[Date Prev][Date Next][Thread Prev][Thread Next][Date Index][Thread Index]

Re: [Condor-users] condor w/o shared filesystem



On 07/19/2011 12:32 PM, Ian Chesal wrote:
On Monday, July 18, 2011 at 9:14 PM, Rita wrote:
One feature we would like to see is having condor jobs running
completely independent of the scheduler -- related to file systems.

Currently, the job log depends needs to be shared on the scheduler and
execution hosts.
This is not true. Only scheduler-side processes require access to the
job log. Perhaps I'm mis-understanding your request?

Condor will try to be smart about using shared filesystems if
FILESYSTEM_DOMAIN is the same between the scheduler and the execute
nodes.

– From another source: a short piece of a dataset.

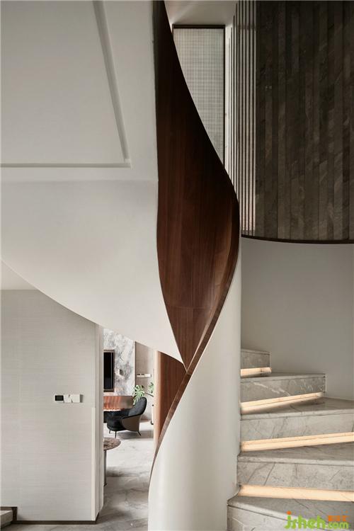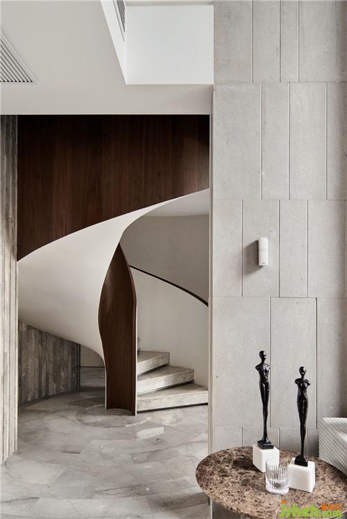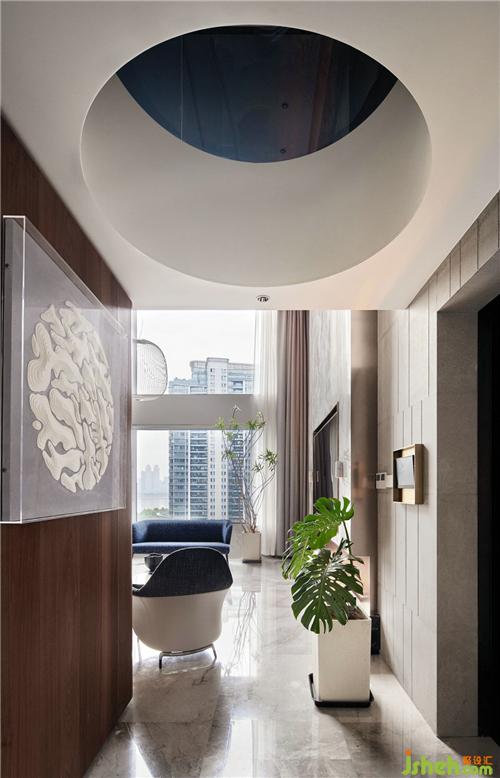 最使人驚艷的是玄關(guān)設(shè)計(jì)。推門(mén)進(jìn)來(lái),映入眼簾的是一面用木飾面打造的精致隔斷,頂上天井設(shè)計(jì),鏤空到二樓家庭廳位置,杭州豪宅設(shè)計(jì)完美解決了玄關(guān)光線較暗的問(wèn)題。破口沖天,似有想突破拼出一翻天地,天井,不止是一方美景,更是一方哲學(xué)。

You can set this to $(FULL_HOSTNAME) on every machine to let
Condor know that none of your machines share a filesystem.
If the scheduler host dies for any reason the execution of the jobs halts.
Condor is highly fault tolerant and the disappearance of a scheduler can
be tolerated. The default behaviour can be changed if you don't like it.
Specifically you want to look at MAX_CLAIM_ALIVES_MISSED
(http://www.cs.wisc.edu/condor/manual/v7.6/3_3Configuration.html#17538)
and ALIVE_INTERVAL
(http://www.cs.wisc.edu/condor/manual/v7.6/3_3Configuration.html#param:AliveInterval)
-- these control how long a condor_startd will keep a job running while
the scheduler they came from is no longer able to connect to the startd.

It would be nice to place all files in spool/ (this includes,
output,error, and job (if possible)) . I am not sure if there is a
better way.
You can have this happen if you submit with the -remote option -- Condor
will spool everything in the spool directory and hold it there for you
until you fetch the files with condor_transfer_data.

Regards,
- Ian

If you're not using -remote/-name now, you likely only need -spool.

Best,


matt